Where to find small business loans.
Small business loans are available from a number of sources. In the past, banks and credit unions were the primary option available to business owners. Today, online lenders offer a variety of additional financing options, especially for borrowers unable to secure funds from institutional sources.
Banks
A traditional source for small business loans, brick-and-mortar banks and credit unions are a good option for borrowers with excellent credit in need of large amounts of funding. Qualified borrowers can expect low interest rates, but a lengthy loan application process may slow funding.
Online Lenders
With a streamlined application process, online small business lenders typically deliver faster funding than banks and credit unions. Borrowers with less-than-perfect or bad credit may be able to qualify for financing, too — though typically at higher rates.

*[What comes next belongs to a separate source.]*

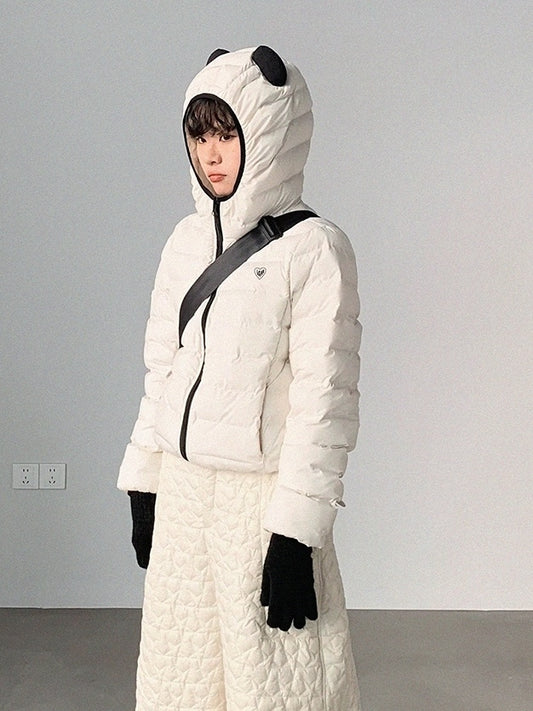 White Jacket Zipper Panda Ear with Decor Hood - Ribbed Daily Kawaii Down Front Hooded

Small Business Administration
The U.S. Small Business Administration (SBA) partners with lenders to back loans for small businesses. An SBA loan typically comes with competitive rates and terms, and funding amounts range in size from a few hundred dollars to several million. Borrowing requirements are strict, and a rigorous application process can slow funding.

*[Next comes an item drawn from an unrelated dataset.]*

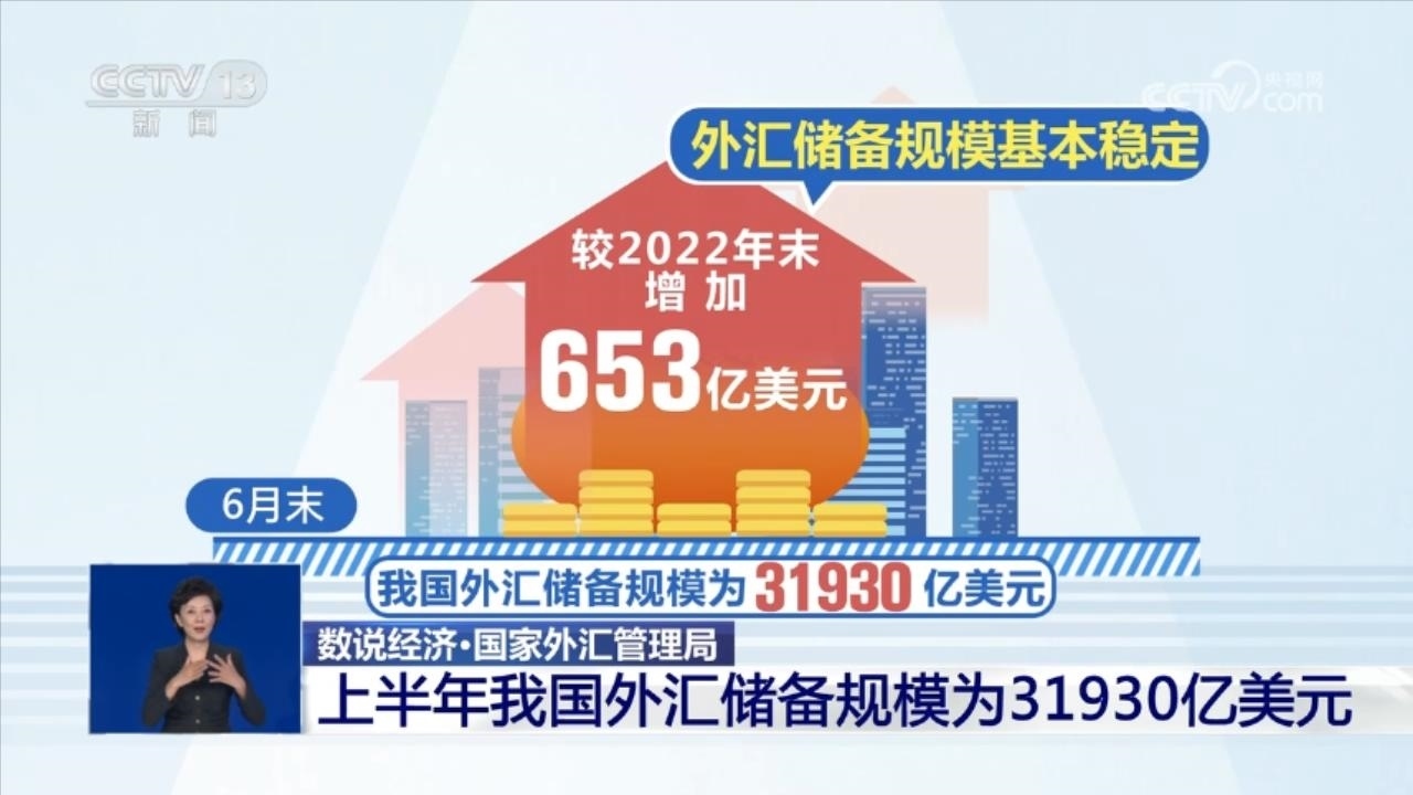 外匯儲(chǔ)備規(guī)模基本穩(wěn)定。截至2023年6月末,我國外匯儲(chǔ)備規(guī)模為31930億美元,較2022年末增加653億美元。

What types of business loans are available to business owners?
Term loan
A term loan provides funding for small businesses in a single lump sum. Maximum loan amounts typically exceed those offered by a line of credit or cash advance. Borrowers repay a term loan through a regular schedule of monthly payments. Some term loans, called secured loans, require collateral. Unsecured term loans do not. OnDeck does not require that loans be secured by specific collateral, relying instead on a general lien on the assets of the business.
Line of credit
A business line of credit provides access to a fixed amount of funding that borrowers can tap as needed. Funds are repaid through a regular schedule of payments, with borrowers replenishing their available credit as they repay. A line of credit is a good financing option for recurring expenses — it allows borrowers to withdraw within their credit limit without reapplying.
Merchant cash advance
A merchant cash advance (MCA) provides businesses with lump-sum financing in exchange for a percentage of future sales. Funding is often quick, but interest rates can be much higher than other forms of small business financing.
Equipment loan
Equipment loans are designed for machinery purchases and are offered by many banks and online lenders. Typically, the purchased equipment serves as collateral to secure the loan, which may allow the lenders to offer competitive interest rates. If the borrower defaults, however, the lender can repossess the purchased equipment.
SBA loans
The Small Business Administration offers a limited number of business loans directly, typically through government-backed emergency loan programs. More often, the SBA works with traditional lenders, like banks and credit unions, to offer certain business loans that are then backed by a government guarantee. The guarantee is designed to make it easier for the bank to approve loans to business owners whose creditworthiness might fall just below the normal qualifying criteria at the bank.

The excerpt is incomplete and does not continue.